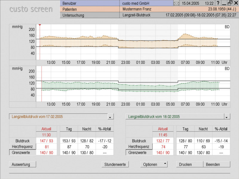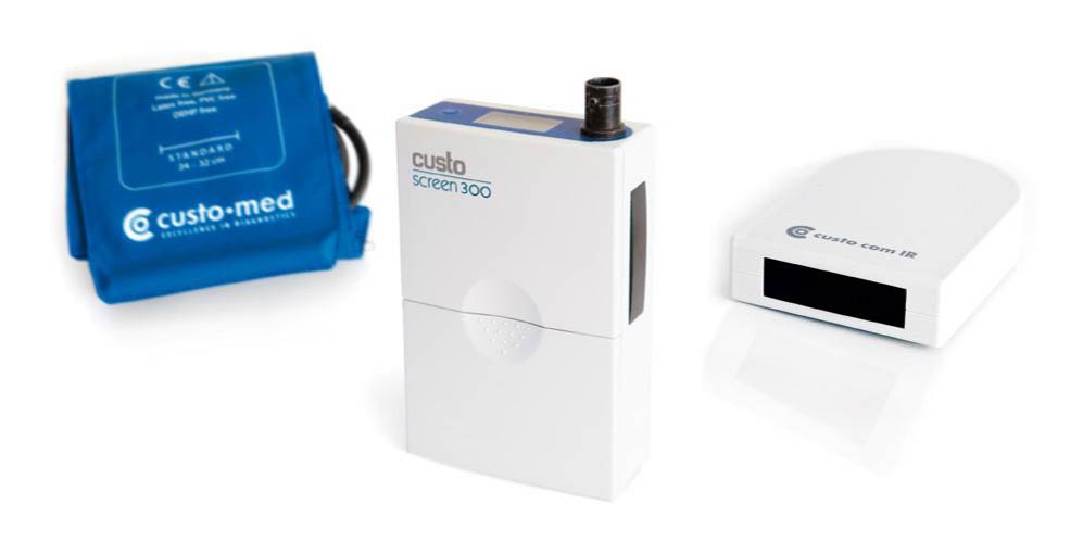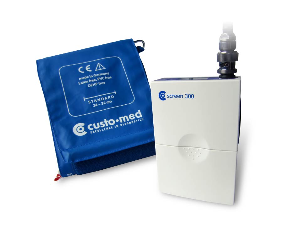 Vyšetřování krevního tlaku již nemá budoucnost v jeho měření ve zvláštních podmínkách ordinace, ale orientuje se na skutečný krevní tlak pacienta v každodenním životě, tím že dosáhne dokonalého obrazu o krevním tlaku sledovaného pacienta. Každá jednotlivá hodnota může být považována pouze jako příslušný aktuální stav. Ambulantní 24 hodinové měření krevního tlaku však vytváří rozsáhlý profil chování krevního tlaku. Zejména podrobné určení rozdílové hodnoty TK mezi denní a noční fází, se jeví jako přínosné pro kontrolu zvolené terapie a diagnozy. Systémová variace Custo Screen je svým komplexním řešením a individuálním přizpůsobením určená nejen pro klinické ale i ambulantní využití. K dispozici je nyní zcela nový diagnostický program od firmy Customed GmbH, pracující na běžně používaných PC, jenž zajistí snadné naprogramování monitorovacího záznamníku, praktickou dokumentaci, optimálníarchivaci v databázi a veškeré další operace spojené s kvalitní diagnostikou TK. Datová komunikace využívá moderního bezdrátového spojení pomocí datového komunikátoru Custo COM USB, vlastní měření je založeno na oscilometrické metodě s automatickou korekcí nulové hodnoty. Modernizovaný záznamník Custo Screen 300 se vyznačuje zejména nově konstrukčně řešeným a daleko spolehlivějším kompresorem a teplotně nezávislým tlakovým senzorem než předešlé modely. Záznamník se tak stává lehčí, tišší, rychlejší a jeho provoz ještě spolehlivější.
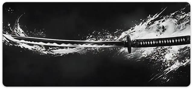 Japanese Samurai Sword Large Extended Gaming Mouse Pad (16x36in) - Durable Stitched Edges XXL Desk Mat for Keyboard and Mouse - Water Resistant & Non-Slip Rubber Base
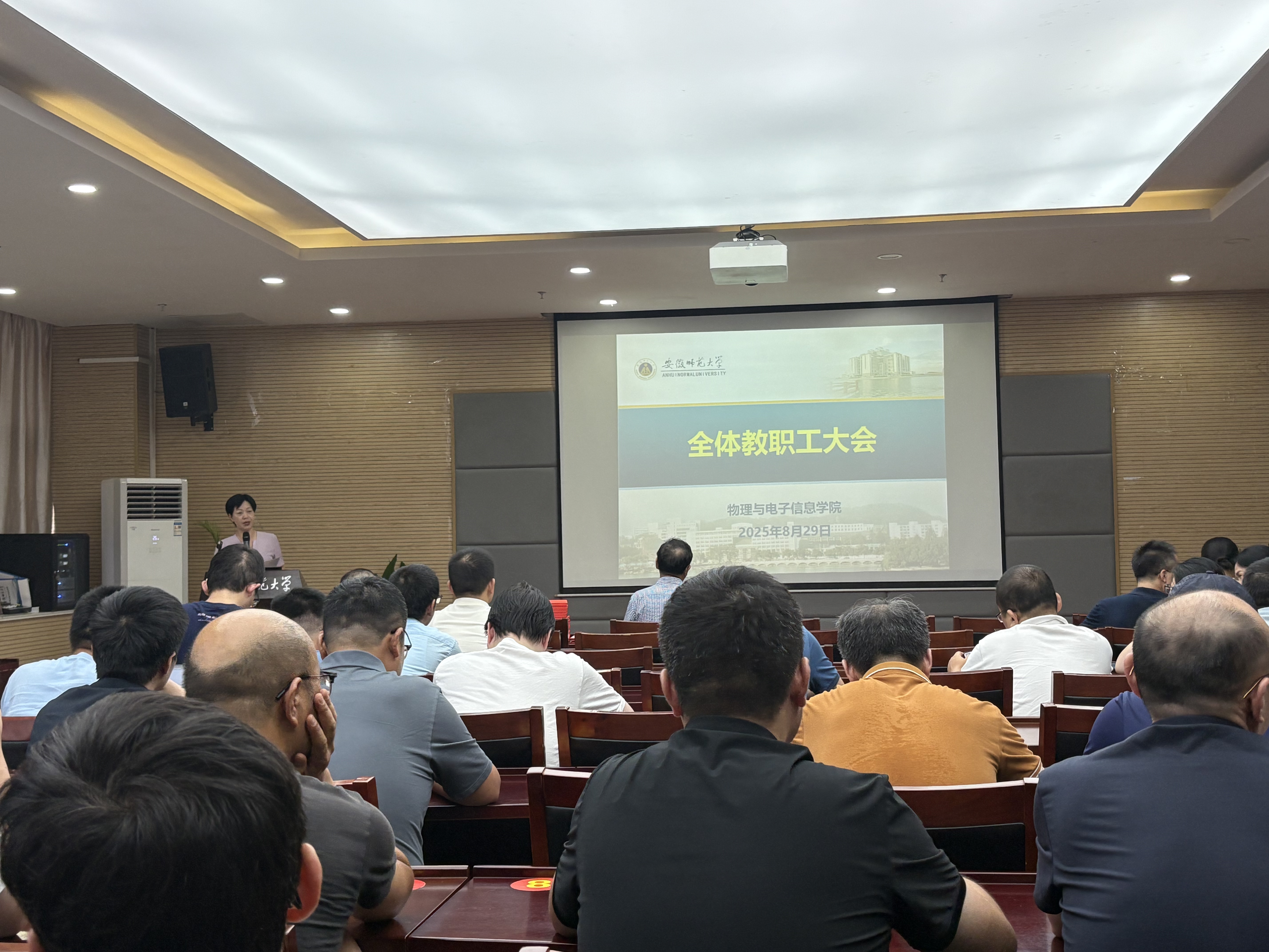 8月29日,bet36365路检测中心在物理楼304会议室召开教职工大会暨新学期工作布置会,开展政治理论学习,总结假期工作,布置新学期工作。学院全体教职工参加会议。学院党委书记宋静主持会议。

Problem details: For this exercise, retype the data above exactly and skip every image.

Result below:
 Vyšetřování krevního tlaku již nemá budoucnost v jeho měření ve zvláštních podmínkách ordinace, ale orientuje se na skutečný krevní tlak pacienta v každodenním životě, tím že dosáhne dokonalého obrazu o krevním tlaku sledovaného pacienta. Každá jednotlivá hodnota může být považována pouze jako příslušný aktuální stav. Ambulantní 24 hodinové měření krevního tlaku však vytváří rozsáhlý profil chování krevního tlaku. Zejména podrobné určení rozdílové hodnoty TK mezi denní a noční fází, se jeví jako přínosné pro kontrolu zvolené terapie a diagnozy. Systémová variace Custo Screen je svým komplexním řešením a individuálním přizpůsobením určená nejen pro klinické ale i ambulantní využití. K dispozici je nyní zcela nový diagnostický program od firmy Customed GmbH, pracující na běžně používaných PC, jenž zajistí snadné naprogramování monitorovacího záznamníku, praktickou dokumentaci, optimálníarchivaci v databázi a veškeré další operace spojené s kvalitní diagnostikou TK. Datová komunikace využívá moderního bezdrátového spojení pomocí datového komunikátoru Custo COM USB, vlastní měření je založeno na oscilometrické metodě s automatickou korekcí nulové hodnoty. Modernizovaný záznamník Custo Screen 300 se vyznačuje zejména nově konstrukčně řešeným a daleko spolehlivějším kompresorem a teplotně nezávislým tlakovým senzorem než předešlé modely. Záznamník se tak stává lehčí, tišší, rychlejší a jeho provoz ještě spolehlivější.
 Japanese Samurai Sword Large Extended Gaming Mouse Pad (16x36in) - Durable Stitched Edges XXL Desk Mat for Keyboard and Mouse - Water Resistant & Non-Slip Rubber Base
 8月29日,bet36365路检测中心在物理楼304会议室召开教职工大会暨新学期工作布置会,开展政治理论学习,总结假期工作,布置新学期工作。学院全体教职工参加会议。学院党委书记宋静主持会议。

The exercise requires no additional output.